The One Thing No Israeli Wants to Discuss

The One Thing No Israeli Wants to Discuss, by Matti Friedman.

Why has Israeli Prime Minister Benjamin Netanyahu remained in office as long as he has? He drastically cut the rate at which Palestinians murdered Israelis. The left screwed up so massively in Israel that they are but a shadow of their former size, even a decade later.

The best explanation may be a small film, “Born in Jerusalem,” about the repression of personal memory that has allowed Israelis to move on while leaving an unsettling sense of missing time.

No single episode has shaped Israel’s population and politics like the wave of suicide bombings perpetrated by Palestinians in the first years of the 21st century. Much of what you see here in 2019 is the aftermath of that time, and every election since has been held in its shadow. The attacks, which killed hundreds of Israeli civilians, ended hopes for a negotiated peace and destroyed the left, which was in power when the wave began. Any sympathy that the Israeli majority had toward Palestinians evaporated.

More than any other single development, that period explains the durability of Benjamin Netanyahu, which outsiders sometimes struggle to understand. Simply put, in the decade before Mr. Netanyahu came to power in 2009, the fear of death accompanied us in public places. There was a chance your child could be blown up on the bus home from school. In the decade since, that has ceased to be the case. Next to that fact, all other issues pale. Whatever credit the prime minister really deserves for the change, for many voters it’s a good enough reason to keep him in power on Sept. 17. …

The film’s Ronen is the alter ego of Yossi Atia, 39 … He explains the odd social calculations that would follow an attack: If eight people, say, had just been killed on a bus, could you go out with a friend for a drink that evening? (Yes.) What if it was 12 people in a cafe? Could you go on a date? (No.) Ronen has an actual chart.

I remember those quandaries of terror etiquette, just as I remember standing at a bus stop when I heard a suicide bomber blow himself up and murder 11 people one street over, at Café Moment. My mother passed through the Nahariya train station right before a suicide bomber struck there, and my sister was in a cafeteria at the Hebrew University campus when Palestinians blew up a different cafeteria. I’ve got many more memories like that, all of them standard for the time.
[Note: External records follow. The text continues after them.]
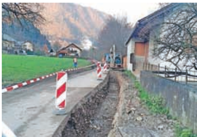
Gradbena dela v Zagorici nad Kamnikom

O zaporah javnih površin zaradi gradnje kanalizacijske in vodovodne infrastrukture Občina Kamnik občane redno obvešča na svoji spletni strani www.kamnik.si .
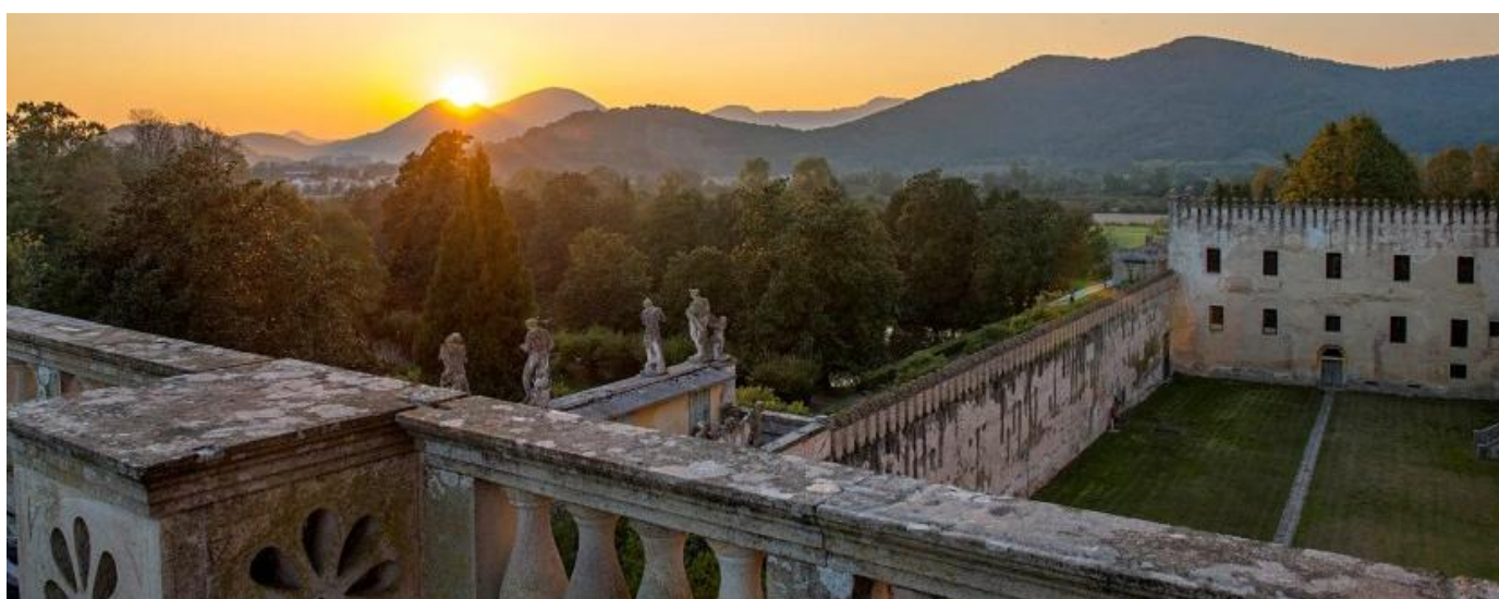
Castello del Catajo – Battaglia Terme
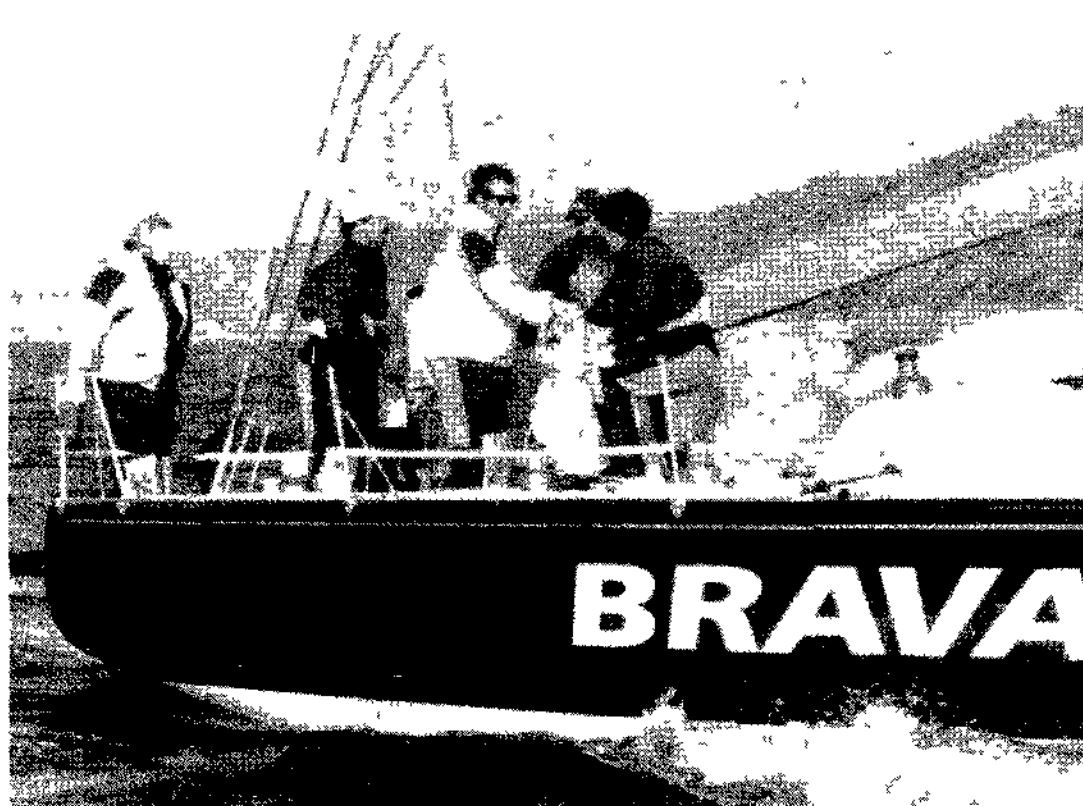
Brava Q8 e prima nel Fastnet nella sua classe
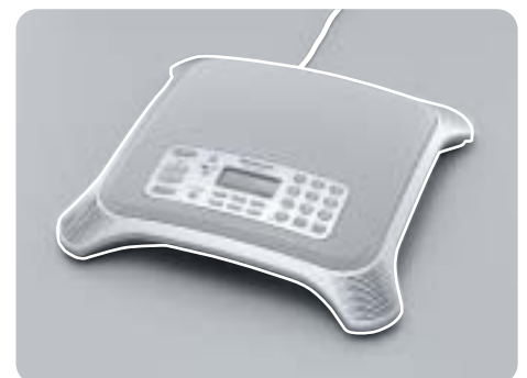
Sistema per conferenze IP KX-NT700

Sia NCP500X che NCP500V sono dotati di serie di staffe per il montaggio a parete.
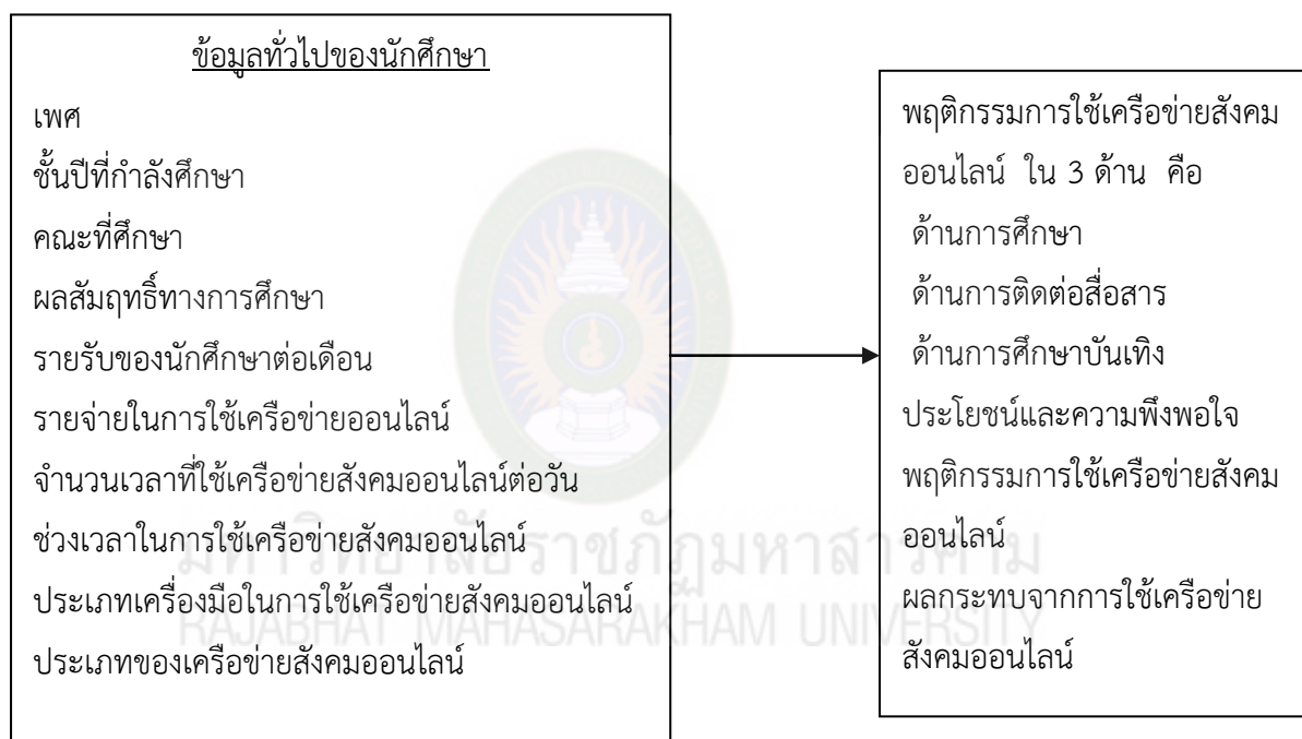
ภาพที่ 2.1 แสดงกรอบแนวคิดในการวิจัย

สำหรับการวิจัยครั้งนี้มีกรอบแนวคิดในการศึกษาพฤติกรรมการใช้เครือข่ายสังคมออนไลน์ของ นักศึกษามหาวิทยาลัยราชภัฏมหาสารคาม โดยศึกษาข้อมูลของนักศึกษามหาวิทยาลัยราชภัฏมหาสารคาม ระดับปริญญาตรีภาคปกติ ทุกชั้นปี แบ่งออกเป็นดังนี้

When I spoke to Mr. Atia, he said he thought Israelis avoid the subject for an obvious reason: It’s too awful. Because the carnage wasn’t on a distant battlefield or limited to soldiers, the experience encompassed the whole society, and you don’t forget images or fear like that even if you’ve forced it all down to the murkiest layers of your brain. “It wasn’t a military war, it was a civil war, and the victims were civilians,” he said. His character, Ronen, wants to talk about it, and that makes him strange: “No one wants to listen.” …

The events Ronen describes to his tourists seem hard to believe. But he knows they happened, and so does the Israeli electorate. As a psychiatrist might tell us, the deeper something is repressed, the more power it exerts. So when Mr. Netanyahu declares in an election ad that “in the stormy Mideastern sea we’ve proven that we can keep Israel an island of stability and safety,” we all know what he means, even if we don’t vote for him. That’s his strongest card, and if he wins, that will be why. The scenario we’re afraid of is clear even if it doesn’t have a name. It doesn’t need one.

The Israeli left would bring back the old policies.

Milder echoes in Australia: the left would bring back the boat people, because they still haven’t learned the lesson or disowned their past policies. On the contrary, Australian Labor are still flaunting the attitudes that led to the boat people invasion as a sign of their moral virtue.